# Calculating the moment of Interia

1. Nov 9, 2009

### PenTrik

1. The problem statement, all variables and given/known data
Prove that the moment of inertia of the same region about the x-axis, Ixx, is given by bh^3/21

where y = h(x/b)^2

2. Relevant equations

$$\int(y^2*dA)$$

3. The attempt at a solution

so I first figure that dA has to equal
$$h(x/b)^2 * dx$$
and that y has to equal
$$h^2 * (x/b)^4$$

so when I put it into the intergral, I get something along the lines of
$$\int(h(\frac{x}{b})^2 * h(\frac{x}{b}) ^ 2 * h(\frac{x}{b})*dx)$$
from 0 to b

except when I calculate it out, I get a solution of
$$\frac{h^3*b}{7}$$

$$\frac{h^3*b}{21}$$

somehow I am missing a 1/3.

if it at all helps, I've already calculated the centroids to be <0.75b, .3h>

Last edited: Nov 9, 2009
2. Nov 10, 2009

### phyzmatix

Set dA = dydx and evaluate a double integral over the given region (you have the limits of x as well as y).
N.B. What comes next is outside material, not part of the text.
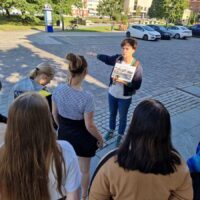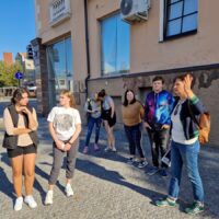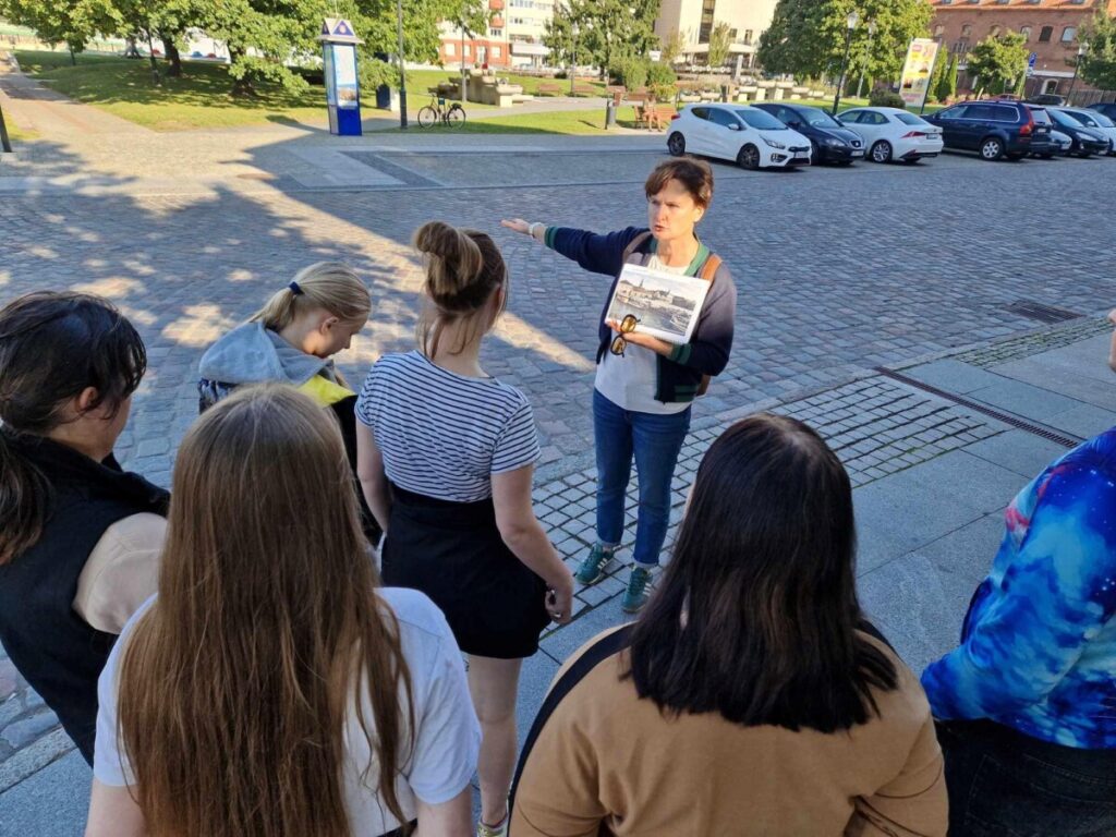 Mokiniai 2 val. vaikščiojo ir tyrinėjo vokiškosios kultūros objektus ir architektūros palikimą Klaipėdos mieste. Ekskursijos metu buvo atliekamos lavinamosios užduotys.

Remember to first evaluate with respect to the variable limits (your "inner integral") and then with respect to constants (your "outer integral" should have constant limits). That will give you the right answer.

3. Nov 10, 2009

### PenTrik

Ah uh, would my limit for dx be from 0 to b, and for dy to go from 0 to y=h(x/b)^2?

4. Nov 10, 2009

### phyzmatix

Think you made a typo (should be h(x/b)^2) but that is exactly right

EDIT: As I was replying, you fixed it

5. Nov 10, 2009

### PenTrik

Holy ****, I get this now.
Thank you much.

6. Nov 10, 2009

### phyzmatix

HAHAHA!!! Glad to be of help! You see, you can do it